The principle behind CracTools::Annotator is to build a genomic interval tree that holds the annotations. Then, the user can query this datastructure to retrieve annotations. In order to organized the retrieved annotations, we build candidates hashes that are a branch of the annotation tree. For a classic GFF annotation file, if the queried interval overlap and exon, the branch of the annotation tree, will go from an exon leaf up to the gene root passing by an mRNA internal node.
Candidate structure
An annotation candidate is a hash datastructure, where keys are GFF features (exon, gene, mRNA) and values are CracTools::GFF::Annotation object (a parsed GFF line).

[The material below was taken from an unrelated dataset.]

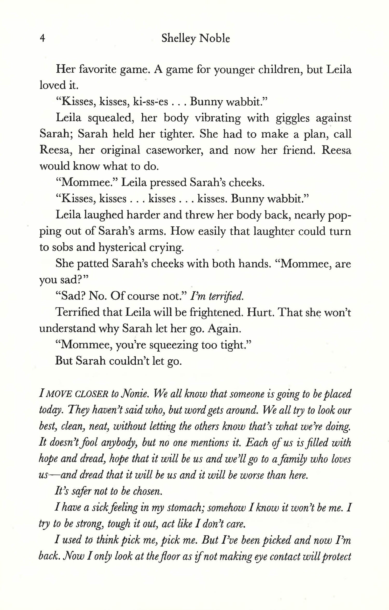Having grown up in foster care, Ilona Cartwright fights for the rights of children who have no one to fight for them. But to Sarah she is Nonie Blanchard, who grew up in the same group foster home as Sarah. They’d promised to be best friends forever, then Nonie was adopted by a wealthy family, and Sarah never heard from her again. Sarah still hurts from the betrayal. But Nonie harbors her own resentment toward the past.

It also contains an entry parent_feature
that holds the parenting links between features, and an entry leaf_feature
that holds the feature name of the leaf ("exon" for example).
my $candidate = {
"exon" => CracTools::GFF::Annotation,
"gene" => CracTools::GFF::Annotation,
"feature" => CracTools::GFF::Annotation, ...,
parent_feature => {exon => mRNA, featureA => featureB, ...},
leaf_feature => "exon",
};
Priority methods
Each annotation query can be parametrized with priorization methods that will choose a set of "best" annotation(s) to be returned to the user. In this module we propose default priorization method, but you can create your own in order to fit your application needs.

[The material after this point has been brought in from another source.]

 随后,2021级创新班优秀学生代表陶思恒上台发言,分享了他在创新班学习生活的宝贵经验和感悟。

There is two kind of priorization method, prioritySub
and comparSub
.
Priority subroutine
The priority subroutine (by default "getCandidatePriorityDefault") recieve as input the queried interval (start and end pos) and an annotation candidate. As output the subroutine must return a priority level (the lower being more important), and a string variable that is a literal version of the priority level.
Compare subroutine
The compare subroutine (by default "compareTwoCandidatesDefault") recieve as input two annotation candidates and the queried interval. As output the subroutine must return the best candidate between the two, or neither (undef) if the subroutine cannot determine.
METHODS
new
Arg [1] : String - $gff_file
GFF file used to perform annotation
Arg [2] : String - $mode
Execution mode : "fast" or "light" ("light" by default)
Example : my $annotator = CracTools::GFF::Annotator->new($gff_file);
Description : Create a new CracTools::GFF::Annotator object based on the
provided GFF file. If "light" mode is specified, CracTools::Annotator
will be less memory consuming but will have a time execution overhead.

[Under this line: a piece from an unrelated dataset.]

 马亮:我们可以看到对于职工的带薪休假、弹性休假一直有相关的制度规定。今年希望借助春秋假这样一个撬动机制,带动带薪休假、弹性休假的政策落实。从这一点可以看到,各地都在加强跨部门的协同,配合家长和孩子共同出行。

ReturnType : CracTools::GFF::Annotator
mode
Description : Return the mode used to create the annotator
ReturnType : string ("light" or "fast")
foundAnnotation
Arg [1] : String - chr
Arg [2] : String - pos_start
Arg [3] : String - pos_end
Arg [4] : String - strand
Description : Return true if any overlapping annotation has been found
ReturnType : Boolean
foundGene
Arg [1] : String - chr
Arg [2] : String - pos_start
Arg [3] : String - pos_end
Arg [4] : String - strand
Description : Return true if an overlapping gene annotation has been found
ReturnType : Boolean
foundSameGene
Arg [1] : String - chr
Arg [2] : String - pos_start1
Arg [3] : String - pos_end1
Arg [4] : String - pos_start2
Arg [5] : String - pos_end1
Arg [6] : String - strand
Description : Return true if a same gene overlaps the two intervals.
ReturnType : Boolean
getBestAnnotationCandidate
Arg [1] : String - chr
Arg [2] : String - pos_start
Arg [3] : String - pos_end
Arg [4] : String - strand
Arg [5] : (Optional) Subroutine - see C<getCandidatePriorityDefault> for more details
Arg [6] : (Optional) Subroutine - see C<compareTwoCandidatesDefault> for more details
Description : Return best annotation candidate according to the priorities given
by the subroutine(s) in argument.
ReturnType : AnnotationCandidate, Int(priority), String(type)
getBestAnnotationCandidates
Arg [1] : String - chr
Arg [2] : String - pos_start
Arg [3] : String - pos_end
Arg [4] : String - strand
Arg [5] : (Optional) Subroutine - see C<getCandidatePriorityDefault> for more details
Arg [6] : (Optional) Subroutine - see C<compareTwoCandidatesDefault> for more details
Description : Return best annotation candidates according to the priorities given
by the subroutine(s) in argument.
ReturnType : ArrayRef of AnnotationCandidates, Int(priority), String(type)
getAnnotationCandidates
Arg [1] : String - chr
Arg [2] : String - pos_start
Arg [3] : String - pos_end
Arg [4] : String - strand
Description : Return an array with all annotation candidates overlapping the
chromosomic region.
ReturnType : ArrayRef of AnnotationCandidate
getAnnotationNearestDownCandidates
Arg [1] : String - chr
Arg [2] : String - pos_start
Arg [3] : String - strand
Description : Return an array with all annotation candidates nearest down the
query region (without overlap).
ReturnType : ArrayRef of AnnotationCandidate
getAnnotationNearestUpCandidates
Arg [1] : String - chr
Arg [2] : String - pos_end
Arg [3] : String - strand
Description : Return an array with all annotation candidates nearest up the
query region (without overlap).
ReturnType : ArrayRef of AnnotationCandidate
getCandidatePriorityDefault
Arg [1] : String - pos_start
Arg [2] : String - pos_end
Arg [3] : hash - candidate
Description : Default method used to give a priority to a candidate.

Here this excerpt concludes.